Alfonso Vázquez: El fantasma de Azaña se aparece en chaqué, Reino de Cordelia, Madrid, 2019, 254 págs.
Lo ha vuelto a hacer. Alfonso Vázquez lo ha vuelto a hacer. ¡Mira que se lo habíamos dicho todos los compañeros de oficio…!: «No escribas otra novela estupenda, por favor, que cada vez que lo haces nos dejas en ridículo a los demás escritores, que por comparación con tus libros, los nuestros resultan insustanciales, vacuos y soporíferos.» Pero no ha habido forma. Vázquez se ha mostrado implacable e inclemente, se ha liado la manta a la cabeza y se ha descolgado con otra novela genial, que producirá tanto entusiasmo en el lector como indignación en el gremio. Eso es competencia desleal, porque Vázquez tiene algo que la mayoría de los escritores no tenemos: talento. Y, claro: ¡así cualquiera! Escribir con talento en este país es competencia desleal.

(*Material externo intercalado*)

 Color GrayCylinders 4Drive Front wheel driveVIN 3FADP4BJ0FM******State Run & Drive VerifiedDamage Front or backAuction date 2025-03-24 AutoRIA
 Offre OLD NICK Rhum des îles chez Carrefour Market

No es la primera vez que lo hace. Ya nos puso a todos los dientes largos con otros libros suyos anteriores, como Viena a sus pies, Livingstone nunca llegó a Donga, Crimen on the rocks, La invasión de los hombres-loro y otros que preferimos no recordar. Porque si es difícil que te perdonen el haber escrito un libro genial, ¡ya me dirán cómo se te perdona el que hayas escrito muchos! Así es que yo no doy un duro por la integridad física de Vázquez, que puede en cualquier momento recibir una puñalada a manos de cualquier novelista envidioso (no por la mía, porque yo lo quiero mucho, que conste; pero no puedo responder de los demás). Así es que más le vale andarse con cuidado.

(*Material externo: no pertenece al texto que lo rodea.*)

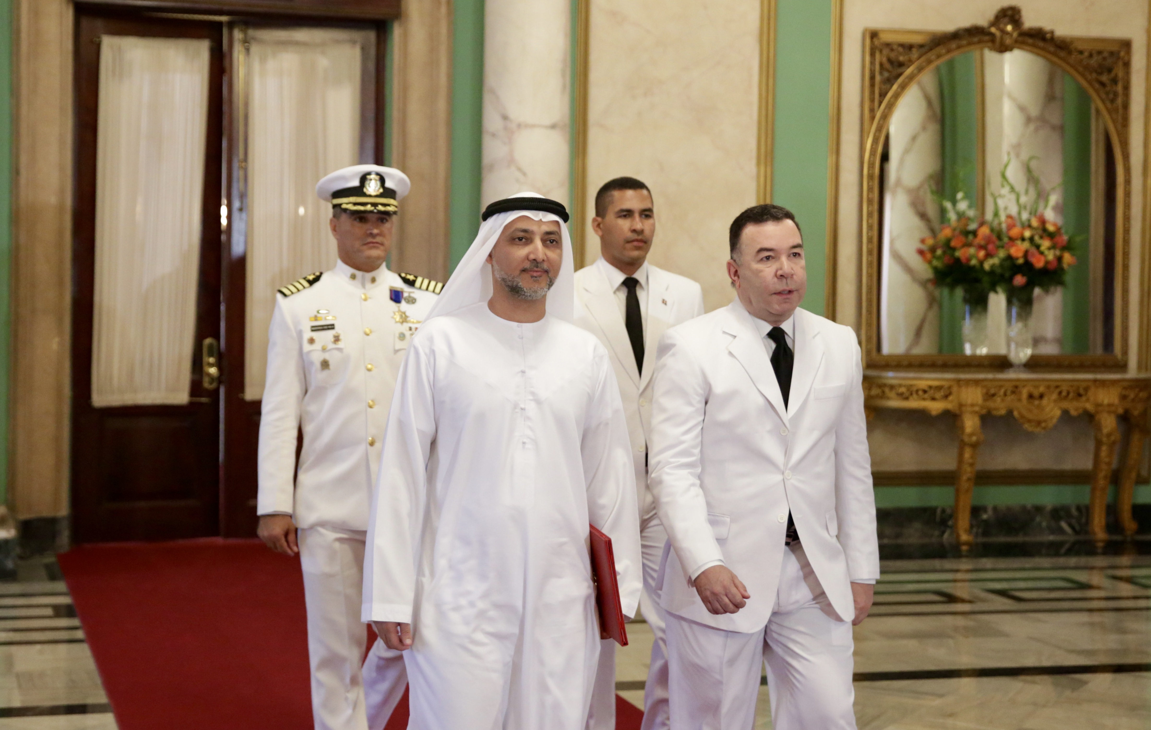 Bader Almatrooshi, embajador extraordinario y plenipotenciario de los Emiratos Árabes Unidos en el país. durante su llegada al Salón de Embajadores del Palacio Nacional.

Vázquez cultiva un refinadísimo humor que le hace destacar sobre el marasmo de la literatura cómica actual, lamentablemente compuesta por monólogos televisivos. Su fuerte es el culturalismo, que cultiva con un cariño y un cuidado no inferior al que Mendel prodigaba a sus guisantes. En las tramas de sus libros (y en éste más) es frecuente que se cuelen los más pintorescos personajes históricos, que siempre resultan más interesantes que esos protagonistas anónimos a los que no les suele pasar nada de particular. De esta manera, el autor crea su propio «posibilismo cómico-histórico», una especie de apasionante ucronía retrospectiva: «¿Qué pasaría si el gran Fulanito se encontrase con el no menos grande Menganito?» (Y no digamos nada si Zutanito y Perenganito también asomaban por allí la gaita e intervenían en la acción.) El resultado está abocado a ser hilarante, como es el presente caso, en el que el fantasma de Manuel Azaña se le aparece a don José Ortega y Gasset, ese famoso filósofo raciovitalista con cuyos apellidos se han hecho tantos chistes, afirmando que no era un filósofo, sino dos (Ortega y Gasset, que aparecían siempre juntos, lo que hacía sospechar que estaban unidos sentimentalmente).
No faltan otros personajes apasionantes, como Julio Camba o María Zambrano, junto a algunos famosillos menores de los que quizá alguien haya oído hablar (Trotski, por ejemplo, o un tal general Franco).
A partir de esta original premisa, de esta felicísima idea motriz, ya se pueden imaginar ustedes la juerga. El autor se recrea en el humor de situación y nos mantiene como hipnotizados por la acción, de la que no podemos apartar los ojos. Si al talento y la originalidad antes mencionados le sumamos el hecho de que la novela está admirablemente elaborada en lo tocante a técnica escritural, pues ya se imaginan que tenemos ante nosotros una obra mayor. Es un libro «de libro», redundancia que indica que todo está como debe estar. Vázquez no ha cedido a la joycesca tentación de escribir de cualquier manera y hacer experimentos raros, sino que ha elaborado un libro pulcro de estilo, equilibrado en sus diálogos, apasionante en su trama, elegante en su conjunto y —¿por qué no decirlo?— muy bien encuadernado. Es una novela, como suele decirse, «de las de antes de la guerra», expresión que, en mi niñez, venía a significar «lo mejor de lo mejor».
¿Qué se puede añadir? Poco más: diremos, con la exquisitez expresiva que nos caracteriza, que Vázquez es un hacha y que la novela está de rechupete.